Cutting time, but not cutting corners: how AI is making disease treatment more effective
Written by Yumiko Imai ‘26
Edited by David Han ‘24
With the rise of ChatGPT, the effects of artificial intelligence on academia have come to the forefront of mainstream media regarding the authenticity of work. It has even further prompted questions about the increasing role of AI in our society as a whole and how we will adapt to similar new technologies that are here to stay.
However, many academics, doctors, and pathologists are seeing the benefits of artificial intelligence. They are finding ways to use machine and deep learning to their advantage to speed up processes, supplement their work, and assist with treatment decision-making.
One promising field being revolutionized by AI is protein design and development. David Baker’s Lab at the University of Washington has used software that they developed over the past 30 years called Rosetta and RoseTTAFold to predict amino acid sequences, structure, and folding patterns (1). But, their use of these two alone were unable to synthesize a functional protein. So, they used machine-learning scientist Justas Dauparas’ network called ProteinMPNN which can tweak the amino acid sequences to make the proteins functional (1). This highlights the collaborative nature of this field. These groups of scientists spent years developing their own AI tools and then shared them with others who have similar research topics.

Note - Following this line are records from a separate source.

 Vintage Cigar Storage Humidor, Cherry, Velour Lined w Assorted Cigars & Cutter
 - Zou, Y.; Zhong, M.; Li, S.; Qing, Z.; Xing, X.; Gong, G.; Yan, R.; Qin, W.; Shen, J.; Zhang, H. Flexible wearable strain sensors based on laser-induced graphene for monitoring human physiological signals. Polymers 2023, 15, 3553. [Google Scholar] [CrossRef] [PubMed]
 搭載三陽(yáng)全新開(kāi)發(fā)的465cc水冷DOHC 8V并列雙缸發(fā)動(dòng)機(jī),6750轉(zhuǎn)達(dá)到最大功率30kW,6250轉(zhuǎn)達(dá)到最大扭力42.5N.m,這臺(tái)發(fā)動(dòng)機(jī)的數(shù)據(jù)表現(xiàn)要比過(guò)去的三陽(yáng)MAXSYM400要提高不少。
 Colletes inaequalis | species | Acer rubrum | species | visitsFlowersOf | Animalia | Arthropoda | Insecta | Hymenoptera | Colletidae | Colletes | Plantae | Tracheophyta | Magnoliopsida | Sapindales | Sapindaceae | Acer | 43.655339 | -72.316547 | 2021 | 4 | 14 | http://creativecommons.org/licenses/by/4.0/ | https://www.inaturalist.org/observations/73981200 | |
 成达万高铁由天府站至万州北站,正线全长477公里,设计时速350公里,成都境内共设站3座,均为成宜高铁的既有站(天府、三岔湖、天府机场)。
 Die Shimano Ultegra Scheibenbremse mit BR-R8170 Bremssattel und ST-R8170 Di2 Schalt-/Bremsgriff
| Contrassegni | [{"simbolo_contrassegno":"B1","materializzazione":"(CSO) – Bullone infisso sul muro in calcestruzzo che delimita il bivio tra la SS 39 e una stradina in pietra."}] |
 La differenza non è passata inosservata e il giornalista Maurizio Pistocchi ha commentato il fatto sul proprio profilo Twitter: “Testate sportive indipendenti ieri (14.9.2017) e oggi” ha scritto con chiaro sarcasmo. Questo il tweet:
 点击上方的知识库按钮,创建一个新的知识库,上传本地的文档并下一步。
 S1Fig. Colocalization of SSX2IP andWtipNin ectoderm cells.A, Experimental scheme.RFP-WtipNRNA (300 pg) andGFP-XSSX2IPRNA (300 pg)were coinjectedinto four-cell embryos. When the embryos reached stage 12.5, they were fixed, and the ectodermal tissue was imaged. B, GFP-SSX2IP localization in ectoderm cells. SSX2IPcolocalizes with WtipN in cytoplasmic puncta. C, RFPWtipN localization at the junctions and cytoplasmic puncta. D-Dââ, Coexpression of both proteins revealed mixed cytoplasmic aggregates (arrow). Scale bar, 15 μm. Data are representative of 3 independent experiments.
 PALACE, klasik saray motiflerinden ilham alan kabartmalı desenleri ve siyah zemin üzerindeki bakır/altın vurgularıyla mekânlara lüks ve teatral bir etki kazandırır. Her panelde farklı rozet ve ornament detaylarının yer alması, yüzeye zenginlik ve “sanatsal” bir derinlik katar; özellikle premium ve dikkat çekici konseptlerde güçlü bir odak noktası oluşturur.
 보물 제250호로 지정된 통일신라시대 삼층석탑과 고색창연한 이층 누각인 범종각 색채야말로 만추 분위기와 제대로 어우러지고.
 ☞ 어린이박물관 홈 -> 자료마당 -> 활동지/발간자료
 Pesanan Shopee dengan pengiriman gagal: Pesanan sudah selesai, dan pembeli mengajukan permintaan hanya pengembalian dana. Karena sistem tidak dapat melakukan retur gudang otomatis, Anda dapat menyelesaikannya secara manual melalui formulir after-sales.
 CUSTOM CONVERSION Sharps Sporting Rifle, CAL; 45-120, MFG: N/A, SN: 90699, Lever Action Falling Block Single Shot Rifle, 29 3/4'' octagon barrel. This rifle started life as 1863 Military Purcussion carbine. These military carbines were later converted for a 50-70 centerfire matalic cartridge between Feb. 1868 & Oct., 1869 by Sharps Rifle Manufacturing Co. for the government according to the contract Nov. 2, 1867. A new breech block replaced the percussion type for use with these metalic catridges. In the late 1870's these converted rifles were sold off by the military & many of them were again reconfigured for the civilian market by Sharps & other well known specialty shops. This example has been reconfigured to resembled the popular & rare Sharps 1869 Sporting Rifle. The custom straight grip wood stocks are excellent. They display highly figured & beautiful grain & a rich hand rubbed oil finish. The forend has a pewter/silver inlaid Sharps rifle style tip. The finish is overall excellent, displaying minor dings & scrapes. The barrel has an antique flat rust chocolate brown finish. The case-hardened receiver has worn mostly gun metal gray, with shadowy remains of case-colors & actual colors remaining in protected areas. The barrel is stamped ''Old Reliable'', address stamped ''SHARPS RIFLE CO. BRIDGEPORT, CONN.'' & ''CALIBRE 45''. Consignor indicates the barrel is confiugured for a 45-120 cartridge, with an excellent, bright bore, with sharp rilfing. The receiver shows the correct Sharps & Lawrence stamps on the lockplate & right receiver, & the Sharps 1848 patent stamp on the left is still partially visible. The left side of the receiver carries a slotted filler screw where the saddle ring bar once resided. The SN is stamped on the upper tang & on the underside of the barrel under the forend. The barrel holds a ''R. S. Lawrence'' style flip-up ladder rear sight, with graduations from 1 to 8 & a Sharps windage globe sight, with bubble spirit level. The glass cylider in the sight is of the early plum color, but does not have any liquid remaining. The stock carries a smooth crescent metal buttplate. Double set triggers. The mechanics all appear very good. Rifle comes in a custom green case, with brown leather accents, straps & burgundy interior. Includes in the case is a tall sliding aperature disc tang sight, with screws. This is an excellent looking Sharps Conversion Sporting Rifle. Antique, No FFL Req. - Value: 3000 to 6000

They have a shared view of the possibilities of AI and a common goal of scientific advancement.
The proteins created through the use of AI often have complex symmetry and interesting structures which are very different from proteins that can be found in nature. These proteins are synthesized with certain tasks in mind. AI will create a specific sequence which can then be embedded into a previously synthesized protein (1). This allows enzymes to be designed that catalyze a particular reaction or proteins to be made that have the potential to be used in a vaccine against a certain virus. Ali Madani, former research scientist at Salesforce Research and a primary author of the paper “Large Language Models Generate Functional Protein Sequences Across Diverse Families,” in collaboration with University of California - San Francisco, said that “the capability to generate functional proteins from scratch out-of-the-box demonstrates we are entering into a new era of protein design. This is a versatile new tool available to protein engineers, and we’re looking forward to seeing the therapeutic applications'' (2).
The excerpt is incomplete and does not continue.